Huh? Do they have local land use controls, or not?

NB: Much of this language sounds identical to the NY law, so it seems that maybe ALEC is behind both the NY and the Colorado laws.

ALSO NOTE WELL how the Environmental Conservation Law has been subverted to PROMOTE DRILLING.

The same thing has happened in NY! Kurkowski/West argued that the Oil, Gas, and Solutions Mining Law, which is part of the NY Environmental Conservation Law (ECL), and this subordinate to it's enabling clause and legislative intent of PROTECTING THE ENVIRONMENT, was in fact intended to Promote Mining.

They way they accomplish this is in when they bolt O+G regulation into the Environmental Conservation Law.

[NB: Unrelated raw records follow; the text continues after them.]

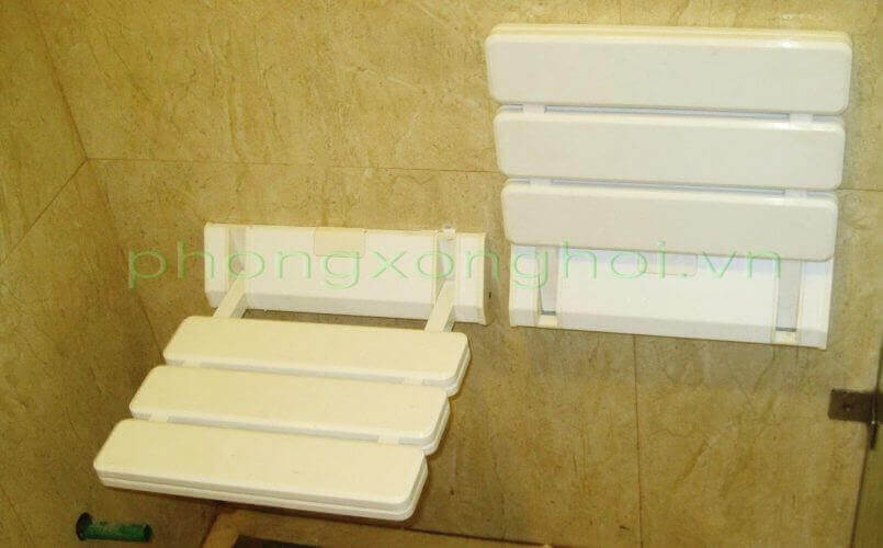 Treo tường , vật liệu nhựa  ABS khung nhôm sơn tĩnh điện, chuyên dùng để ngồi xông hơi ướt hoặc tắm. Ưu điểm gọn và xếp đc sau khi dùng. Chịu được 130kg trọng lực.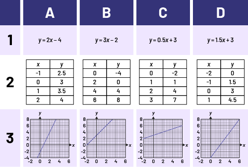 Second match: B1 has a constant rate of 3 in the equation, which implies that the line (A3) will be more steep than the graph with the constant rate of 2. This also implies, that for each increase of one for the x value, the y value will increase by 3 in the table of values (C2).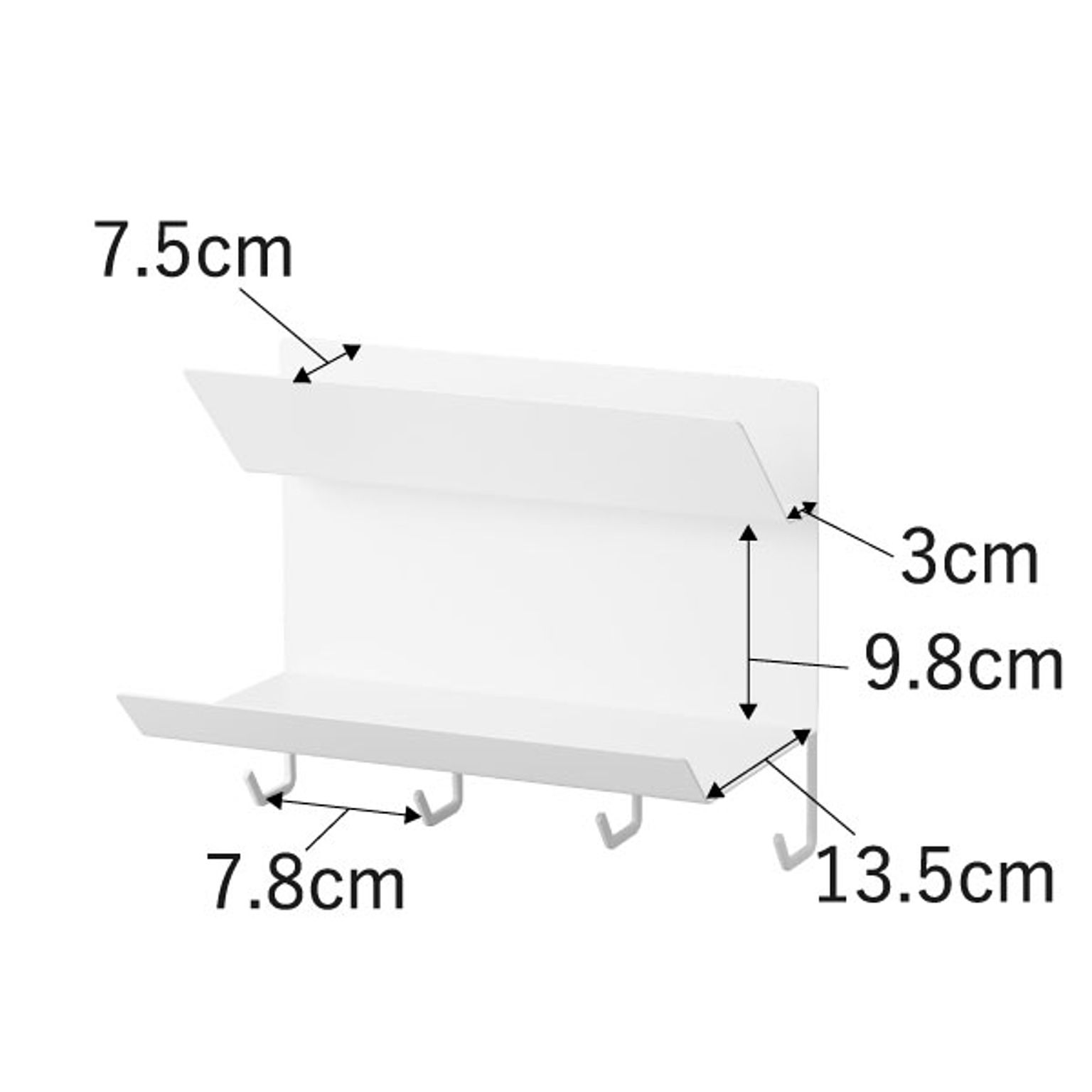 2段のラックに手袋などの衣類小物を、4つのフックにバッグやリード、靴ベラなどの玄関小物を吊り下げ収納できます。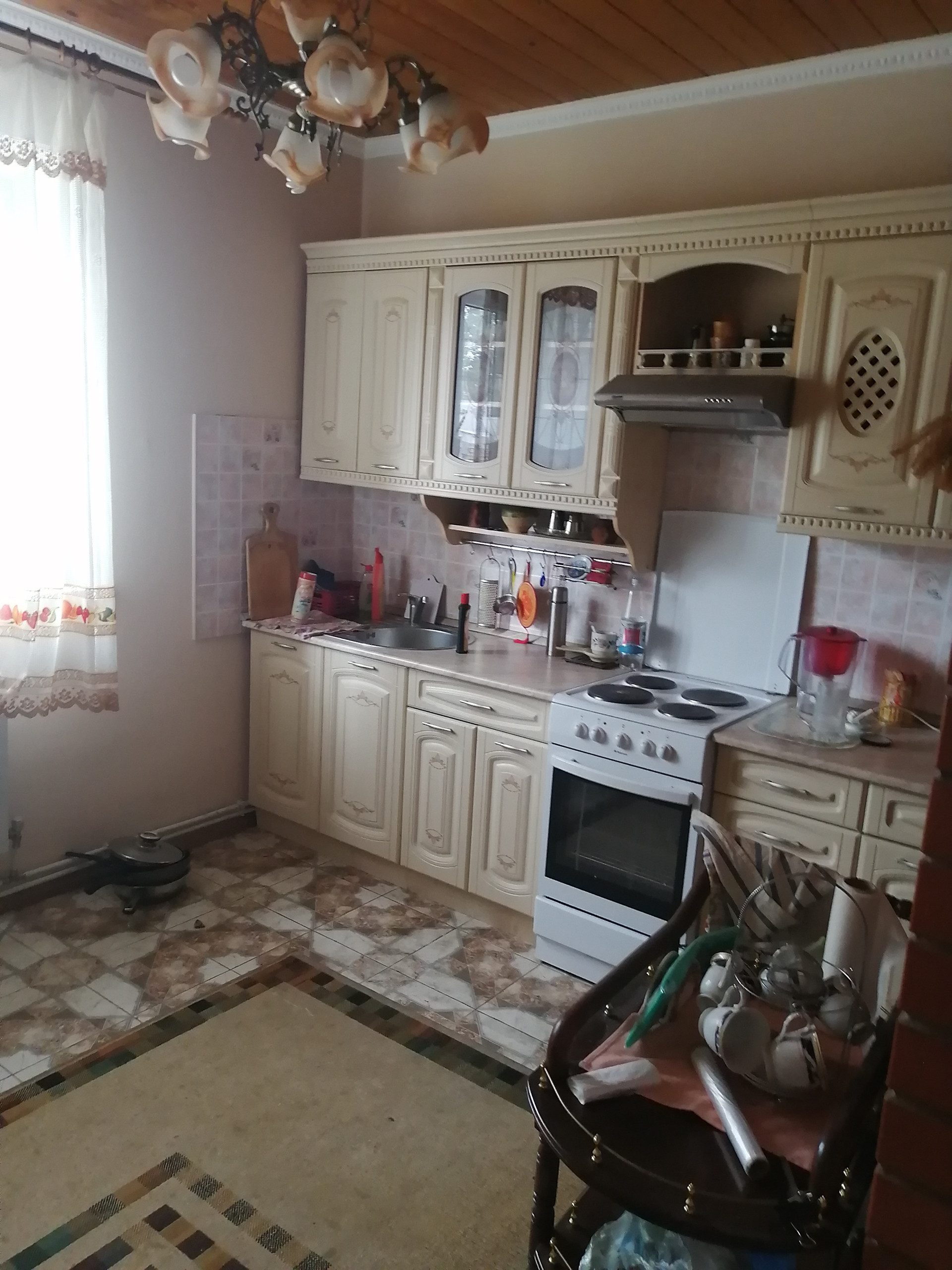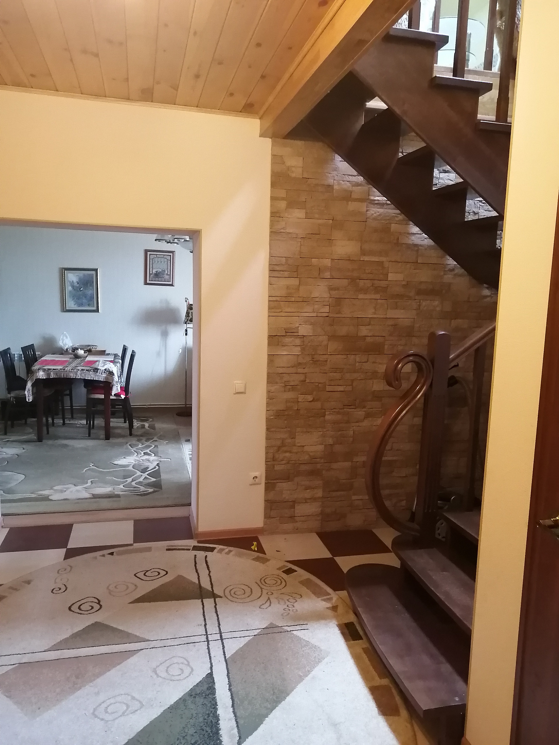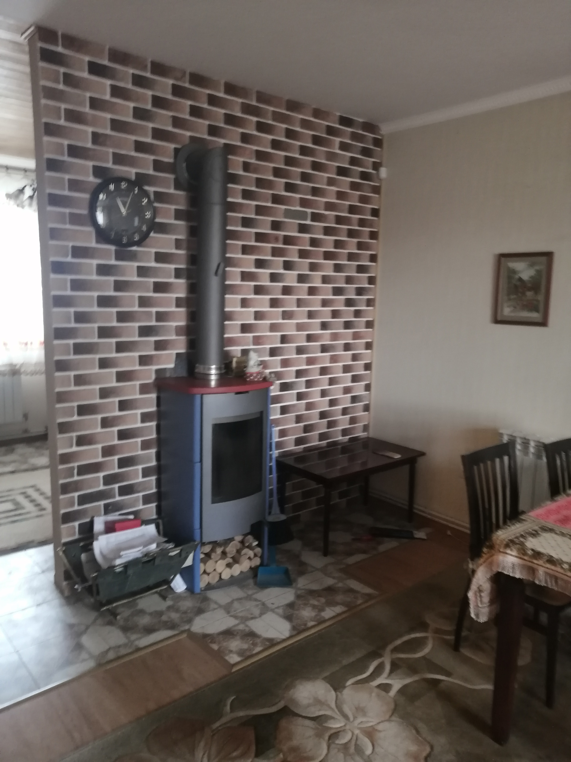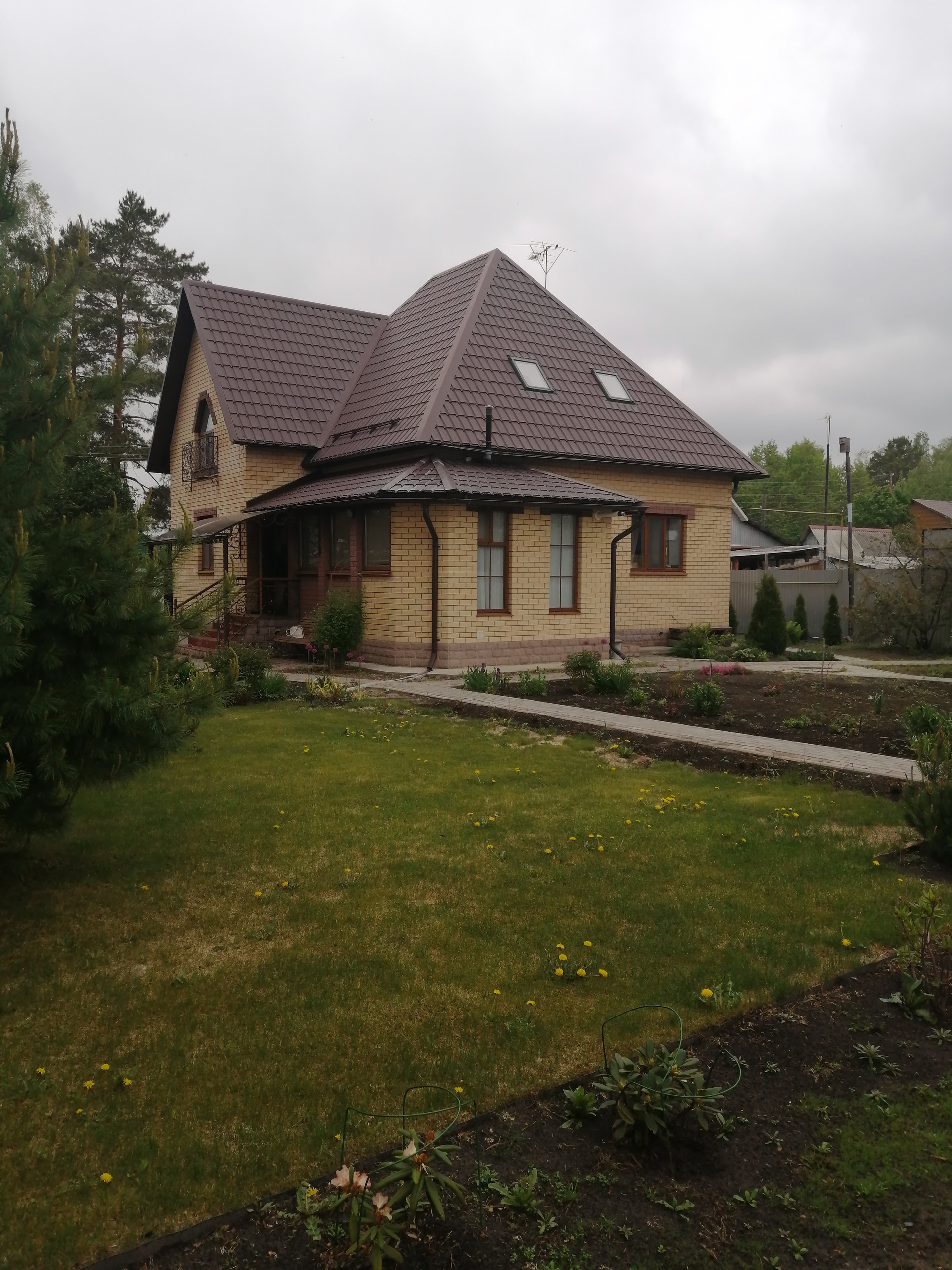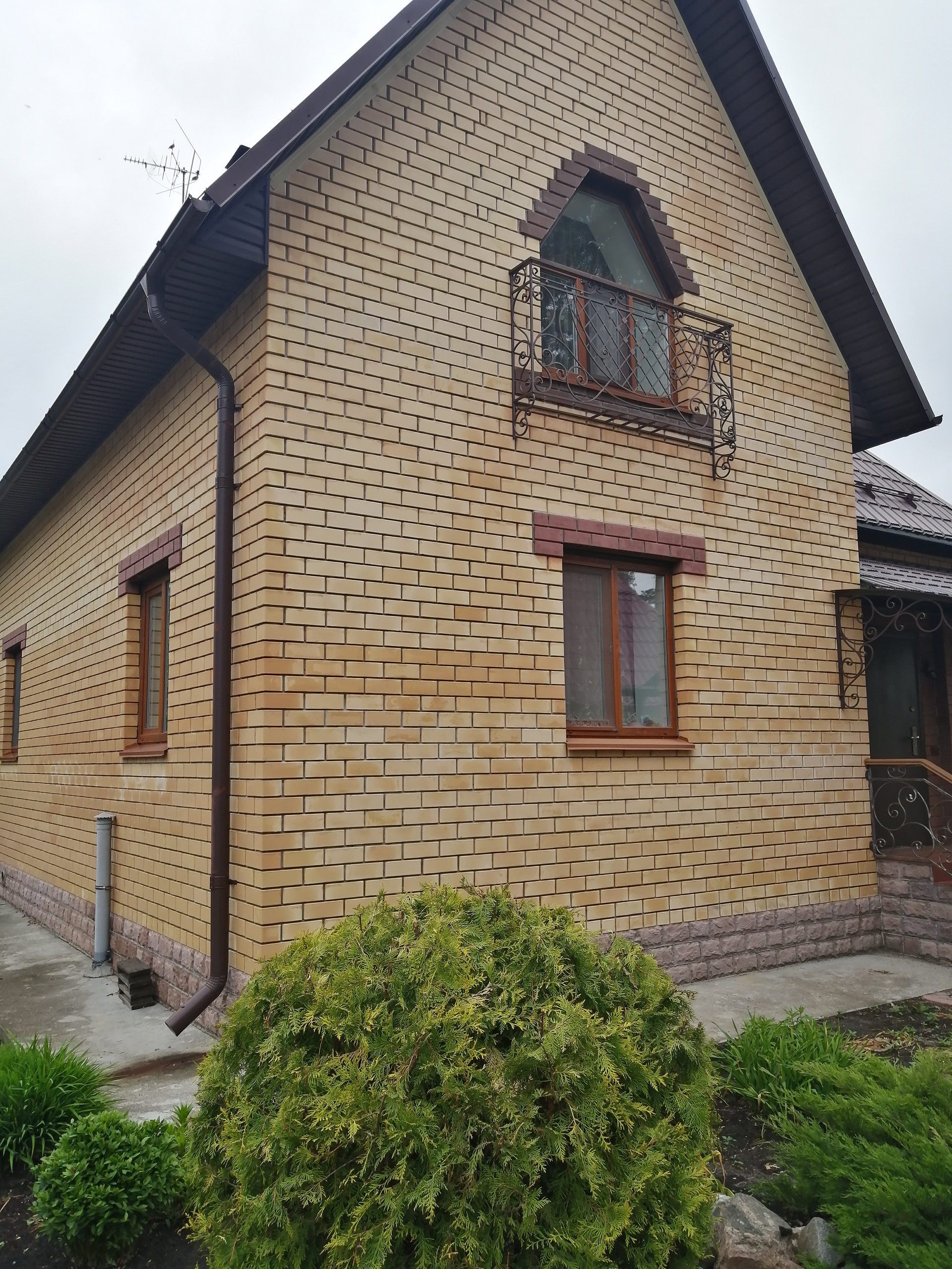 Дом построен из керамзитоблоков, с утеплителем и обложен кирпичом. На первом этаже гостиная, кухня и спальная комната. На втором этаже гостиная и две спальни.

They are very clever to say that the REASON for REGULATING the oil and gas industry under the ECL is to foster:

"efficient development and production of oil and gas resources in a manner that  prevents waste" (an environmental purpose)

This language in the Colorado Law is nearly identical to the NY ECL.

And they always seem to include the phrase about "correlative rights of landowners".

Once that whole package is there, the O+G attys then argue that the legislative intent is to PROMOTE MINING. However, if you trace out the authority of the law back to the state constitution, it is clear this is an usurpation.

Here's the hierarchy of law in NY. Home Rule Powers (zoning) and Police Powers are both based in PROTECTION. This is evident in all levels of NY law, from the Constitution, the NY Town Law, and the ECL.


I am omitting the full text of the enabling statutes and the constitutional authority, but you may want to look these up. (very interesting).

NO WHERE can I find a legislative directive that mining activity or O+G development is a duty of the state, or in the state interest.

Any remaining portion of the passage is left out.